While overall visitation levels are influenced by factors such as a park’s distance from metropolitan centers, economic climate, and the growth of international tourism (49), the latent structure and dynamics of Jij suggest three additional, less understood modes of multipark visitation. The first mode arises from the human desire to reproduce positive experiences, as the inspirational and shared experiences generated by visiting the most popular “crown jewels” organically promotes visitation to less prominent parks. The second mode manifests through explicit media messages recommending a group of parks based on shared features, such as exotic wildlife and trees, landscapes, and geological anomalies. And the third combines romantic ideals with the satisfaction generated through the process of collection and ownership. This tendency is captured by a 2016 Washington Post article which offers avid ecotourists a practical solution to the challenging “traveling salesman” problem that hinders multipark visitation, essentially serving as a treasure map for NP enthusiasts (50).

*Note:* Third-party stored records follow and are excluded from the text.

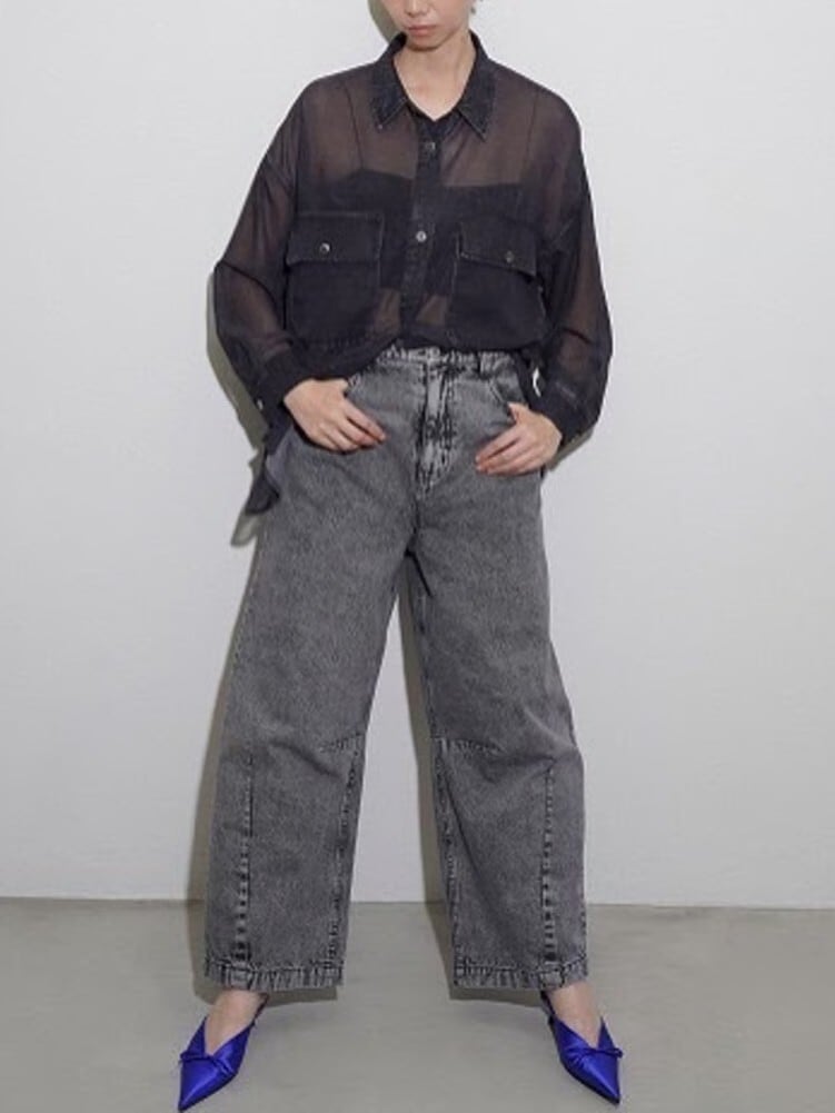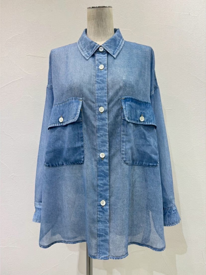 CYAN TOKYO | デニム転写シフォンシャツ
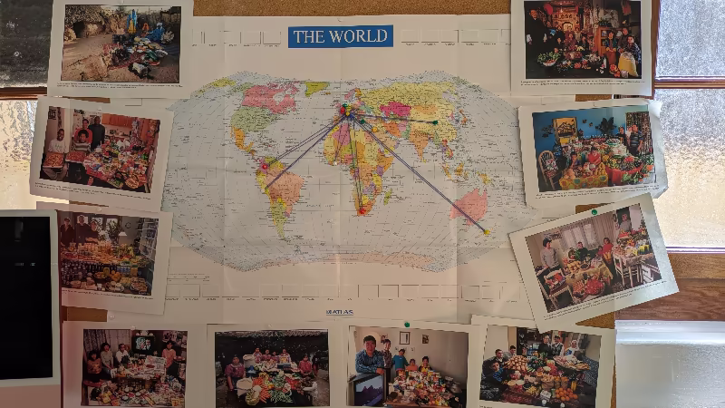 - ce que mangent les familles d’autres pays, grâce aux photographies de Peter Menzel montrant une semaine de nourriture ;
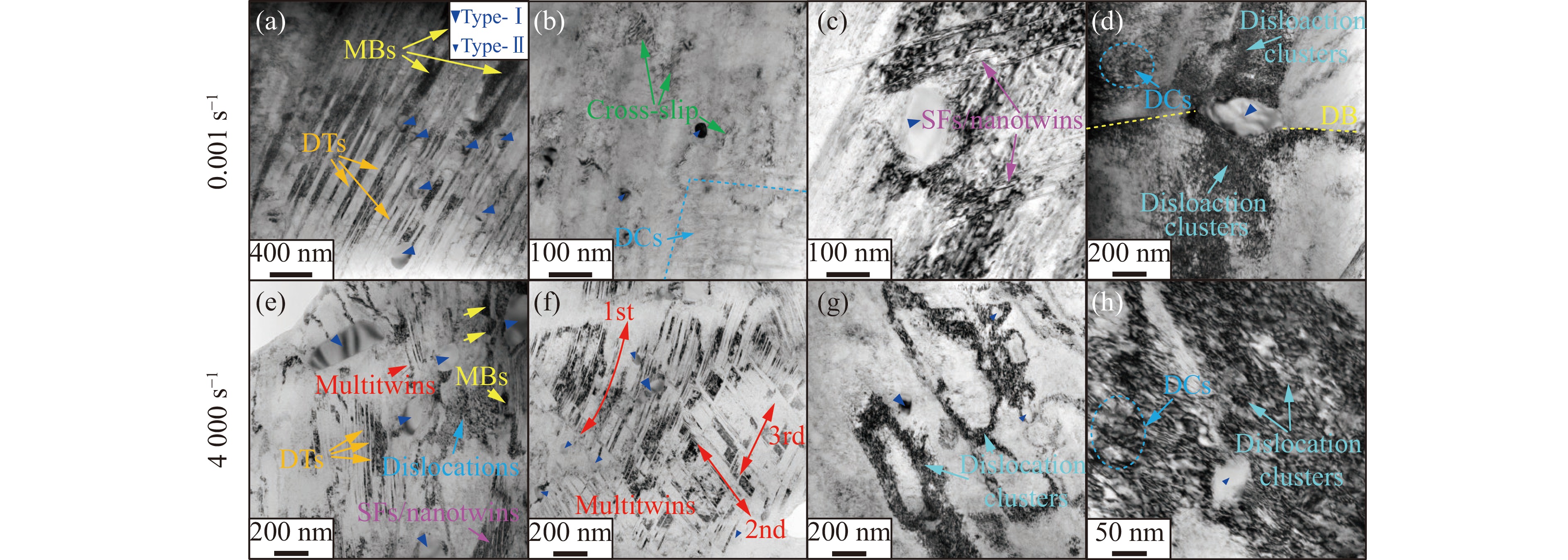 To further explore the influence of interstitial C atom on the strain rate effect and temperature effect of CoCrNi-based medium-entropy alloy, the compression mechanical behavior, microstructure evolution and deformation mechanism of CoCrNiSi0.3C0.048 medium-entropy alloy were systematically studied at a wide temperature and strain rate range. The investigated alloy is composed of face-centered cubic (FCC) matrix and three-level precipitate microstructure, i.e. the primary Cr23C6 carbides (2−10 μm), the secondary SiC precipitates (200−500 nm), and the tertiary SiC precipitates (~50 nm). The results show that the serrated flow phenomenon is observed on the true stress-strain curve of the alloy at 400 ℃, and the amplitude of the serrations decreases gradually with the increase of strain and ultimately vanishes. In addition, the abnormal stress peak (the 3rd-type strain aging phenomenon) appears on the curve of the quasi-static flow stress with temperature, but at high strain rate, the abnormal stress peak disappears. Through the analysis of the characterization of the deformed microstructure, it is speculated that the main reason for the phenomenon of 3rd-type strain aging under quasi-static conditions may be the existence of interstitial C atoms. During the process of continuous plastic deformation and development, a series of mixed structures similar to heterogeneous structures are generated, which are composed of dense dislocation cells, micro bands, stack faults, dislocation clusters and deformation twins. These mixed structures intensify the interaction between interstitial atoms and moving dislocation, and then pin the dislocation, which results in dynamic strain aging phenomenon occurs. The reason why the 3rd-type strain aging does not appear under dynamic conditions may be that the solute atoms move slower than the dislocation. The dislocation cannot be pinned in time. In addition, the precipitation of a large number of nanoscale SiC precipitates weakens the "pinning" effect of interstitial atoms under dynamic loading.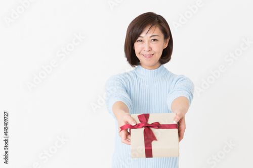 Fototapeta premium プレゼントを持つミドル女性 笑顔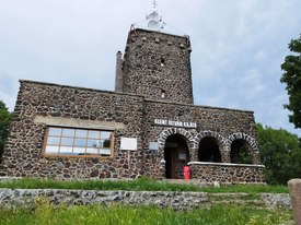A kilátó tövében nagy idők tanúja, több mint százharminc éves katonai szintezőoszlop rejtőzik. Odébb tekintélyt parancsoló kereszt, alatta Szent István király szobra figyelmeztet keresztény magyar hazánk építésének és védelmezésének örök, szent kötelességére.
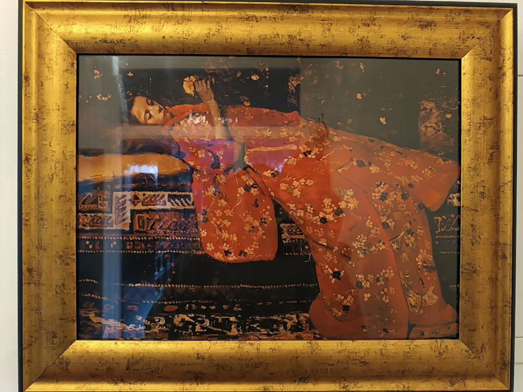 Dieser Kunstdruck zeigt ein Mädchen in einem leuchtend roten Kimono, das friedlich auf einer Chaiselongue mit reich gemusterten Stoffen liegt. Das Gemälde strahlt Ruhe und Eleganz aus und ist perfekt für Liebhaber asiatischer Kunst und Vintage-Dekoration. Ideal für Wohn- oder Schlafzimmerdekor.

As such, the degree to which the NP system integrates has ramifications for visitor, budget, and brand management, as well as the development and efficacy of systemwide agenda-setting and administrative policy (13). As evidence of growing pairwise and system-level integration, the average value of the co-visibility matrix shown in Fig. 2c exhibits a substantial increase over time. For example, by 2020 the average co-visibility J¯2020=0.017 is roughly four times the average level of co-visibility from 2000 to 2009. Notably, J¯y illustrates the sensitivity of NP visibility to marketing events, with 2010 being the inaugural year of the “America the Beautiful” US quarter coin series featuring a number of parks, and 2016 being the 100th anniversary of the NPS. Additionally, the annual sequence of Jij,y matrices provides a more complete perspective on the pace of structural integration both within and across administrative regions—see Fig. S9 for a dynamic visualization of the Jij,y matrix at the 1-year resolution from 2000 to 2020.

While increased integration reinforces NPS brand equity (32, 35), it also contributes to the tension faced by park administration charged with ecosystem preservation and risk management on the one hand, and visitor accessibility and recreational amenity services on the other. This paradox is highlighted in Fig. 2d, which shows the frequency of media articles associated with five park-management themes. Notably, media articles associated with tourism grew dramatically following the 2007–2008 financial crisis, which disrupted the news media industry, among others, giving rise to a diverse ecosystem of new media sources oriented around high-throughput content production and pay-per-click advertising (32, 51–53). In contrast, we do not observe similar media production increases associated with fire, climate, safety, and wildlife management that are central to the environmental conservation mandate of the NPS.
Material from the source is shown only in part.